Instead of just returning the maximum clay content, the value corresponding to the requested attribute attr
is returned from the first horizon with maximum clay content.
For example: you could return “hzdept” (horizon top depth), “phfield” (field-measured pH), “total_frags_pct” (total frag. vol). We will use it to get the top depth.
profileMaxClayAttr <- function(p, attr = "clay") {
# get the horizon data
h <- horizons(p)
# get clay content in vector d (you could change this...)
d <- h$clay
# pre-emptively return NA if all clay are NA
if(all(is.na(d)))
return(NA)
# what horizon(s) have maximum clay content (in profile)
d.max.idx <- which(d == max(d, na.rm = TRUE))
# there may be multiple horizons with the max clay content...
# we just care about the first one (closest to the surface)
# flattening a (possible) many:one relationship
d.max.idx.first <- d.max.idx[1]
# return an arbitrary attribute `name`
# default returns clay from horizon of max clay
# you set attr to return attr from horizon of max clay
return(h[d.max.idx.first, attr])
}
This is a simple stub function you can alter and expand as needed. It contains basic NA
handling, subsetting, example logic etc. Of course, you can change the logic that selects the horizon(s) of interest (i.e not clay content, not the first horizon) and the summary statistic (max()
) for your own analysis.
But, for this example, we calculate the max clay for each profile. Then the depth to that specific clay content, again, for each profile.

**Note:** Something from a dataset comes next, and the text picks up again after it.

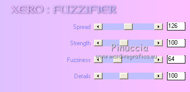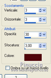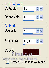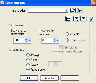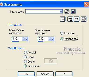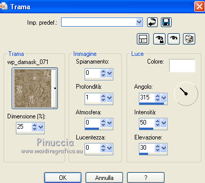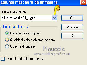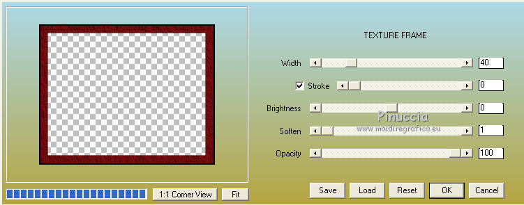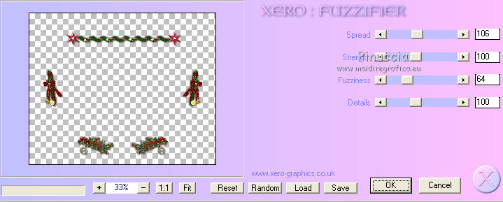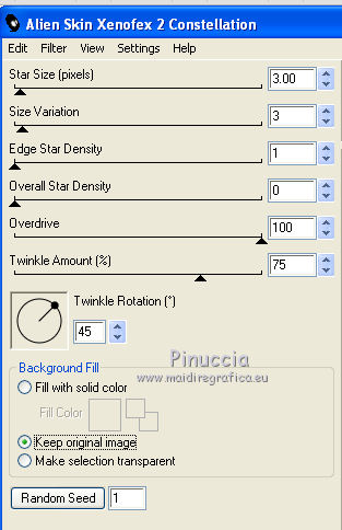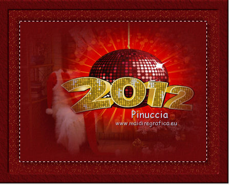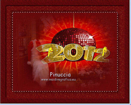 qui puoi trovare qualche risposta ai tuoi dubbi. Se l'argomento che ti interessa non è presente, ti prego di segnalarmelo. Per tradurre questo tutorial ho usato PSP X. Questo tutorial è una creazione di ©Titoune e non può essere copiato su altri siti nè essere offerto per il download. Lo stesso vale per la mia traduzione. Il materiale viene da vari gruppi di condivisione. Il copyright appartiene ai rispettivi autori. Grazie ai creatori dei tubes che mettono a disposizione il loro lavoro in vari gruppi di condivisione. Occorrente: Un tube a scelta. Il resto del materiale qui Per il mio esempio ho usato un tube di Maryse. Gli elementi scrap sono una creazione di Sigrid. Anche la maschera è una creazione di Sigrid. Il tube "fin-annee12-verocreation" è una creazione di Verocreation Rispetta il lavoro degli autori, non cambiare il nome del file e non cancellare il watermark. Filtri: consulta, se necessario, la mia sezione filtri qui AAA Frames - Texture Frame qui Alien Skin Xenofex 2.0 - Constellation qui Xero - Improver, Fuzzifier qui Penta.com - Jeans qui Animation Shop qui ![]() Metti la trama wp_damask_071 nella cartella Trame. Apri la maschera in PSP e minimizzala con il resto del materiale. 1. Imposta il colore di primo piano con #ffc2c3, e il colore di sfondo con #690c0e. Ti servirà anche un terzo colore contrastante, che imposterai come colore di primo piano quando necessario. Per l'esempio #ecc94b. 2. Apri una nuova immagine trasparente 750 x 600 pixels, e riempila con il colore di sfondo.3. Selezione>Seleziona tutto. Selezione>Modifica>Contrai - 35 pixels. Livelli>Nuovo livello raster. Riempi con il colore contrastante #ecc94b.4. Di nuovo: Selezione>Modifica>Contrai - 35 pixels. Premi sulla tastiera il tasto CANC. Cambia la modalità di miscelatura di questo livello in Dissolvi, e abbassa l'opacità al 2%. Selezione>Inverti. 5. Effetti>Effetti 3D>Sfalsa ombra con il colore #340001. ![]() Ripeti l'Effetto Sfalsa ombra, cambiando verticale e orizzontale con -3. 6. Selezione>Seleziona tutto. Selezione>Modifica>Contrai - 35 pixels. Selezione>Inverti. 7. Attiva il livello inferiore. Selezione>Innalza selezione a livello. 8. Effetti>Plugins>AAA Frames - Texture Frame. ![]() 9. Effetti>Effetti 3D>Smusso a incasso. ![]() Selezione>Inverti. 10. Ancora Selezione>Modifica>Contrai - 35 pixels. Attiva nuovamente il livello inferiore. Livelli>Nuovo livello raster. 11. Apri il tube fin-annee12-verocreation e vai a Modifica>Copia. Torna al tuo lavoro e vai a Modifica>Incolla nella selezione. 12. Effetti>Effetti di immagine>Scostamento. ![]() Selezione>Inverti. Premi sulla tastiera il tasto CANC. 13. Ancora Selezione>Inverti. Livelli>Duplica, e attiva il livello sottostante dell'originale. 14. Effetti>Plugins>Xero - Improver. ![]() 15. Effetti>Effetti 3D>Sfalsa ombra, con il colore #340001. ![]() Ripeti l'Effetto Sfalsa ombra, cambiando verticale e orizzontale con -10. Rinomina questo livello "animazione 1". 16. Attiva il livello Raster 1. Effetti>Effetti di trama>Trama - seleziona la trama wp_damask_071 con i seguenti settaggi. ![]() 17. Livelli>Nuovo livello raster. Apri il tube 48.Ivo-Chimney. Immagine>Rifletti. Modifica>Copia. Torna al tuo lavoro e vai a Modifica>Incolla nella selezione. Abbassa l'opacità di questo livello al 75%. 19. Attiva lo strumento Gomma , dimensione 20,e cancella le parti del tube visibili sul 2012. ![]() Dovresti avere questo. ![]() Selezione>Deseleziona. 19. Attiva il livello superiore. Livelli>Nuovo livello raster. Riempi con il colore di primo piano iniziale #ffc2c3.20. Selezione>Seleziona tutto. Selezione>Modifica>Contrai - 1 pixels. Premi sulla tastiera il tasto CANC. Selezione>Inverti. 21. Effetti>Plugins>Penta.com - Jeans, con i settaggi standard. ![]() Selezione>Deseleziona. 22. Effetti>Effetti 3D>Sfalsa ombra, con il colore #340001. ![]() Ripeti l'Effetto Sfalsa ombra, cambiando verticale e orizzontale con -3. 23. Livelli>Nuovo livello raster. Riempi con il colore di primo piano #ffc2c3.24. Livelli>Nuovo livello maschera>Da immagine. Apri il menu sotto la finestra di origine e vedrai la lista dei files aperti. Seleziona la maschera "silvestermask01_sigrid" con i seguenti settaggi. ![]() Livelli>Unisci>Unisci gruppo. 25. Effetti>Effetti 3D>Sfalsa ombra, con i settaggi precedenti. Livelli>Duplica, e cambia la modalità di miscelatura di questo livello in Luce diffusa. 26. Apri il tube SGS_Christmas_Trennlinie-rot.png e vai a Modifica>Copia. Torna al tuo lavoro e vai a Modifica>Incolla come nuovo livello. 27. Effetti>Effetti di immagine>Scostamento. ![]() 28. Effetti>Effetti 3D>Sfalsa ombra, con i settaggi precedenti. 29. Apri il tube w-dekor_set4_4_©sigrid e vai a Modifica>Copia. Torna al tuo lavoro e vai a Modifica>Incolla come nuovo livello. 30. Effetti>Effetti di immagine>Scostamento. ![]() 31. Effetti>Effetti di riflesso>Specchio rotante. ![]() 32. Effetti>Effetti 3D>Sfalsa ombra, con i settaggi precedenti. 33. Apri il tube w-dekor_set11b_©sigrid e vai a Modifica>Copia. Torna al tuo lavoro e vai a Modifica>Incolla come nuovo livello. 34. Effetti>Effetti di immagine>Scostamento. ![]() 35. Effetti>Effetti di riflesso>Specchio rotante. ![]() 36. Effetti>Effetti 3D>Sfalsa ombra, con i settaggi precedenti. Livelli>Unisci>Unisci giù - 2 volte - e rinomina questo livello "animazione 2". 37. Apri il tube SGS_Freebie4_Geschenkebox.png e vai a Modifica>Copia. Torna al tuo lavoro e vai a Modifica>Incolla come nuovo livello. Spostalo in basso tra le due decorazioni.38. Effetti>Effetti 3D>Sfalsa ombra, con i settaggi precedenti. 39. Apri il tube w-box_set1_2_©sigrid e vai a Modifica>Copia. Torna al tuo lavoro e vai a Modifica>Incolla come nuovo livello. Spostalo a fianco del pacchetto precedente.Livelli>Disponi>Sposta giù. 40. Effetti>Effetti 3D>Sfalsa ombra, con i settaggi precedenti. 41. Apri il tuo tube e vai a Modifica>Copia. Torna al tuo lavoro e vai a Modifica>Incolla come nuovo livello. Livelli>Disponi>Porta in alto. Immagine>Ridimensiona, se e quanto

# overwrite with identical values as obtained with profileMaxClay()
# from new generalized function! using default attr='clay'
loafercreek$maxclay <- profileApply(loafercreek, profileMaxClayAttr)
# calculate the DEPTH TO first horizon with max clay content in all profiles
# note we change default attr to return hzdept instead of clay
loafercreek$maxclaydepth <- profileApply(loafercreek,
profileMaxClayAttr, attr="hzdept")
Inspect the depth to maximum clay distribution. It appears less skewed than the clay contents themselves.
# look at the density plot (estimated probability density function)
# of minimum depth to maximum clay content
plot(density(loafercreek$maxclaydepth, na.rm = TRUE))
# calculate quantiles
quantile(loafercreek$maxclaydepth,
probs = c(0,0.01,0.05,0.25,0.5,0.75,0.95,0.99,1),
na.rm = TRUE)
## 0% 1% 5% 25% 50% 75% 95% 99% 100%
## 10.0 10.0 18.9 33.0 40.0 49.5 71.3 81.1 86.0
Food for thought:
How often does the maximum clay content occur in the particle size control section, or only in a small portion of it?
See aqp::estimatePSCS()
.
Create a function called profileMinimumKsat()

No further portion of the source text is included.